Despite flattish revenue traction YoY, margins witnessed an upmove because of good project execution and cost control initiatives.
What lies ahead?
To move up the value chain, Arvind is gradually transitioning itself from a fabric manufacturing company to an apparel maker-cum-retailer. Moreover, the management is adding garmenting units in Jharkhand, Ahmedabad, Andhra Pradesh and Ethiopia (exports to North America and Europe) to nearly triple its existing garment manufacturing capacity (of 30 million pieces per annum) over the next 3 years.
To save costs and reduce dependence on external suppliers, Arvind aims to increase the captive consumption of fabric (i.e. fabric manufactured and used internally to manufacture garments) from 10 percent at present to 25-30 percent over the next 2-3 years.
Currency benefits (owing to Rupee’s depreciation vis-à-vis the US dollar) in respect of garment export orders will start accruing from Q4 FY19. Arvind’s cash flows are hedged till then.

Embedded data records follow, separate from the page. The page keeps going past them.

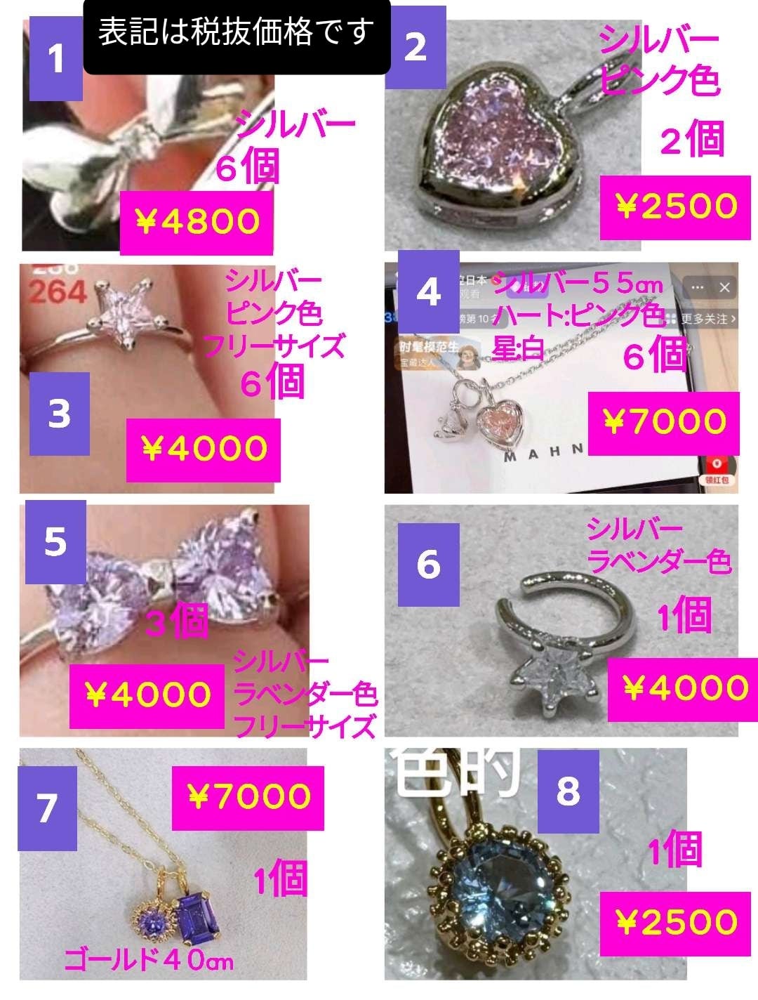 ④ネックレス 7,000円+税 ×6個
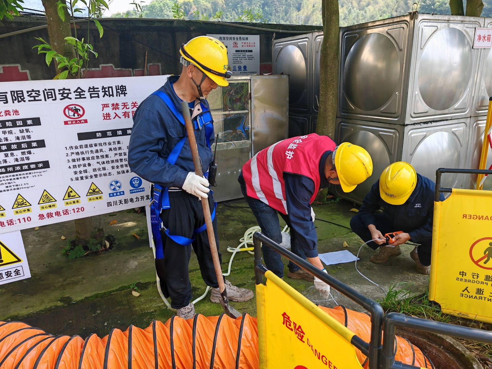 為深刻汲取近期各地有限空間安全事故教訓(xùn),嚴(yán)格落實(shí)有限空間作業(yè)安全管理“八必須、七不準(zhǔn)”要求,提升員工應(yīng)對(duì)有限空間作業(yè)突發(fā)事件應(yīng)急處置能力,5月9日,川投能源所屬天彭電力組織開(kāi)展了2024年度有限空間作業(yè)安全專項(xiàng)培訓(xùn)和應(yīng)急演練。
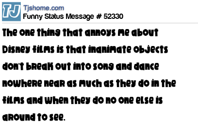 X the one thing that annoys me about Disney films is that inanimate objects don't break out into song and dance nowhere near as much as they do in the films and when they do no one else is around to see.
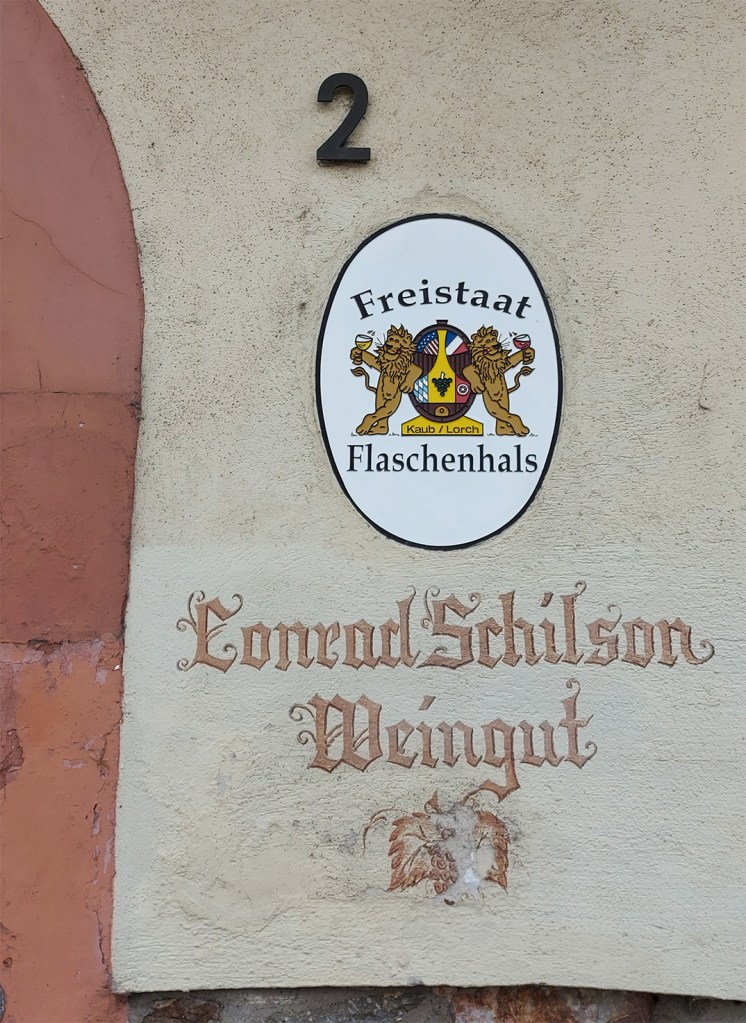 Wenig später betritt man – erkennbar an einem rot-weiß markierten Grenzpfahl am Wegesrand – ein Kuriosum: Der „Freistaat Flaschenhals“ war für kurze Zeit nach dem 1. Weltkrieg, genauer zwischen dem 10. Januar 1919 und dem 25. Februar 1923, exterritoriales Gebiet. Zwischen Kaub, dem Ort Sauerthal und Lorch hatten die Alliierten eine Grenzziehung ihrer Herrschaftsbereiche zwischen Mainz und Koblenz schlicht übersehen.
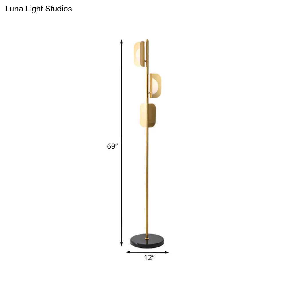 Moderne geometrische Lese-Stehlampe aus goldfarbenem Metall – elegantes 3-flammiges Stehlicht für das Wohnzimmer
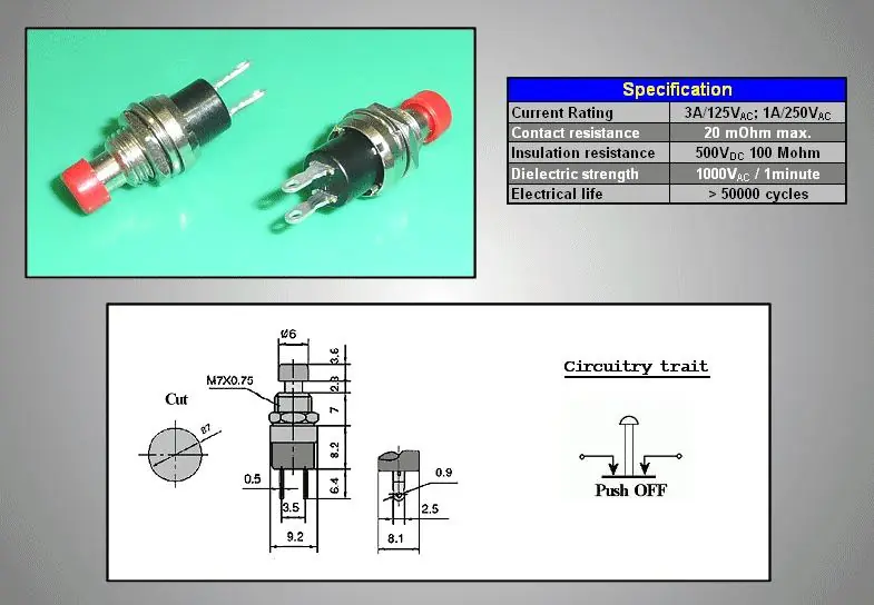 Zárt nyomókapcsoló (piros) 1A 250V, fém tengellyel SW3012/R Vedd meg most
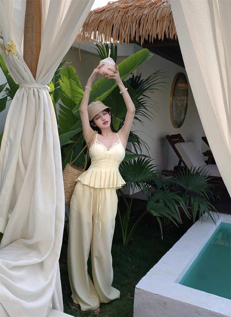 Thiết kế nhẹ nhàng với tone vàng pastel tươi tắn, mang vibe mùa hè trong trẻo. Áo hai dây ôm nhẹ kết hợp quần dài...
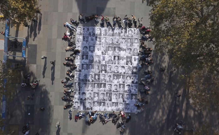 Photo vue du ciel de la place de la République à Paris prise par le drone de Cristina. ©Handicap International/JR/Mademoiselle Drone
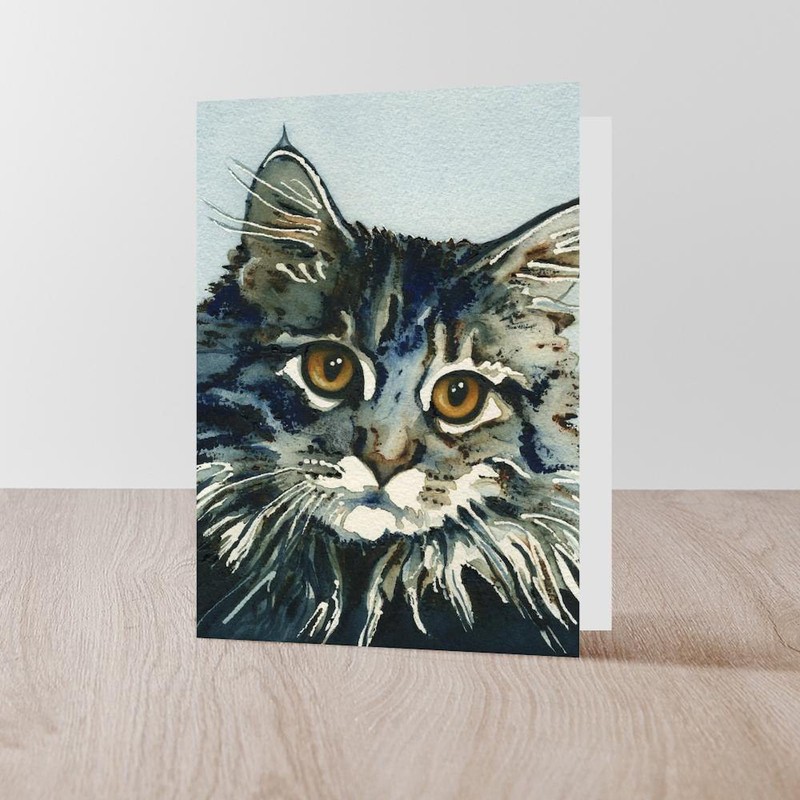 CafePress Elfin Maine Coon Cat By Lori Alexand Folded Greeting Card Glossy

Power brands, which have been registering double-digit growth YoY (in the range of 10-20 percent) steadily over the quarters, will be crucial in determining this segment’s revenue trajectory. Growth prospects in the branded innerwear category (Hanes, Calvin Klein, US Polo Association) also appear promising.

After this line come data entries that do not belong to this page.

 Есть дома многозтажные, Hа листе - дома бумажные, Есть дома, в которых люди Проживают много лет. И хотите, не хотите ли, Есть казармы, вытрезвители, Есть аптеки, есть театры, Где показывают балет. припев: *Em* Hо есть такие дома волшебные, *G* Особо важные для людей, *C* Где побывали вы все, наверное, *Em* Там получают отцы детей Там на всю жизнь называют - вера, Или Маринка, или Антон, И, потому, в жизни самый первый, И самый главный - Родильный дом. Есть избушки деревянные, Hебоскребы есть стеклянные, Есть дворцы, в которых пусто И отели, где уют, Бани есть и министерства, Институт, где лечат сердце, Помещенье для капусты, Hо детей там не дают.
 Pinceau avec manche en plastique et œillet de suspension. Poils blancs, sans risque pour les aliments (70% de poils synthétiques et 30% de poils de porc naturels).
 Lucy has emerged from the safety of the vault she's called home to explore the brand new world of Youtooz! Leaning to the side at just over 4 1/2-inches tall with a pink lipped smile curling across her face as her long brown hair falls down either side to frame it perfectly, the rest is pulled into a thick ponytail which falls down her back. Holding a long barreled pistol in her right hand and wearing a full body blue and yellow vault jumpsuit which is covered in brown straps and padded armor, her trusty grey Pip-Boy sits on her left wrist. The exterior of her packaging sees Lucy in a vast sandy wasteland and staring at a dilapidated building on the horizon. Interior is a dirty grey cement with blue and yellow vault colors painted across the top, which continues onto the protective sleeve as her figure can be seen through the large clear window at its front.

To capitalise on this uptrend, marketing spends are likely to increase in due course. Benefits of operating leverage, network expansion, brand extensions and product positioning should augur well in terms of margin.

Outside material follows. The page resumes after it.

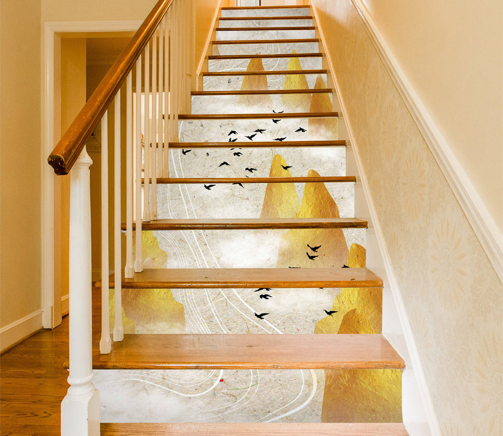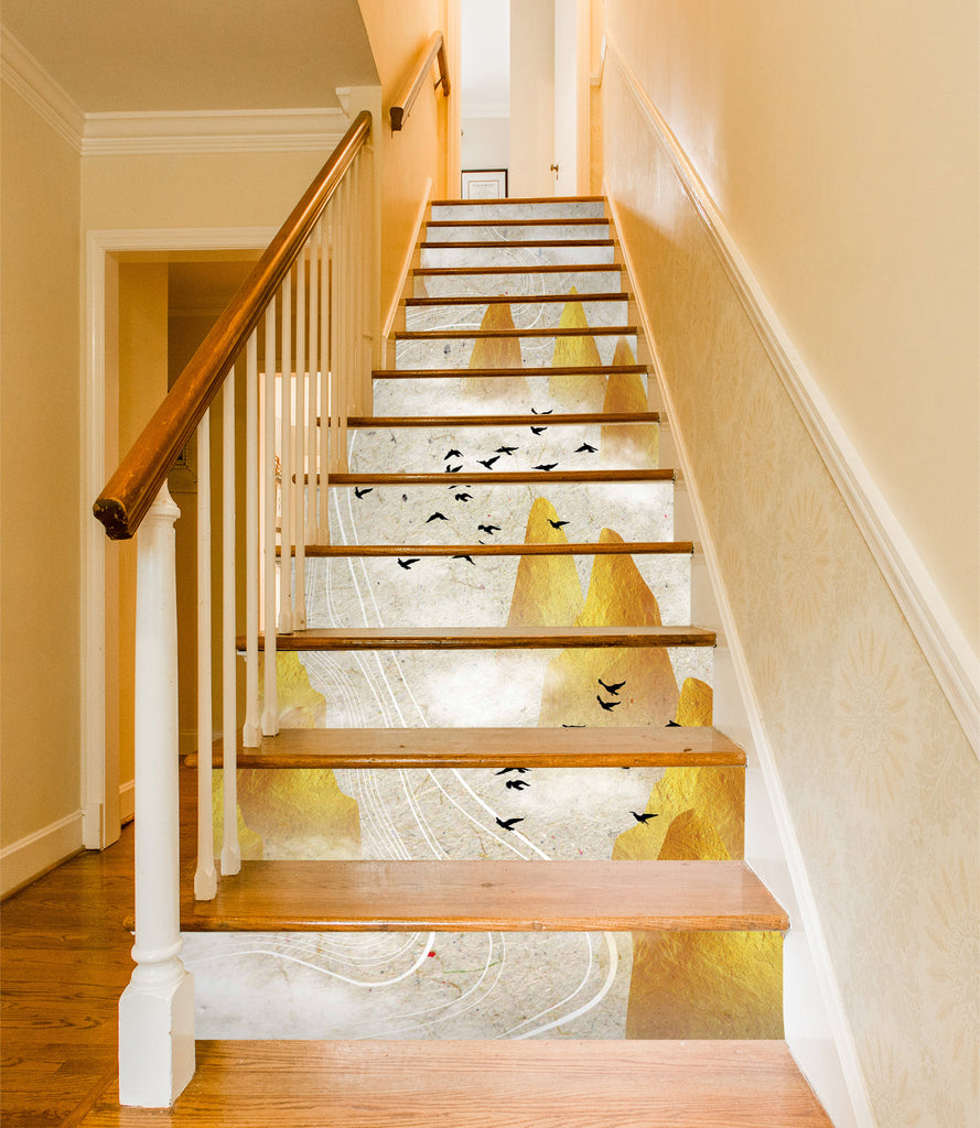 3D Yellow Sand Flying Bird 612 Stair Risers

Arvind has entered into a tie-up with a European firm for cured-in-place-pipe technology (CIPP). Going forward, the management expects sales growth of 20-30 percent YoY. As the company’s portfolio of mature products gain scale, margin should gradually move upward too.
This segment designs and manufactures critical process equipment (heat exchangers, pressure vessels, reactors, columns/towers, centrifuges, etc) for industries such as petrochemicals, fertilizers and power, among others.
Anup Engineering, India’s third largest heavy fabrication player and an entity with a cash positive balance sheet, aims to tap opportunities in global markets, while simultaneously strengthening its operational capabilities domestically. The management’s ambition is to reach the Rs 1,000 crore turnover mark over the next 5-7 years.
Major hurdles for the textile segment
Slowdown in denim fabric offtake has resulted in an oversupply situation, thus placing downward pressure on realisations. Stiff competition from unorganised players only adds to the difficulties.
A 3-6 month delay in setting up new garmenting capacities (to the tune of 44 million pieces) will keep sales growth fairly modest (at 5-6 percent YoY, versus 8-10 percent that was initially guided) for FY19.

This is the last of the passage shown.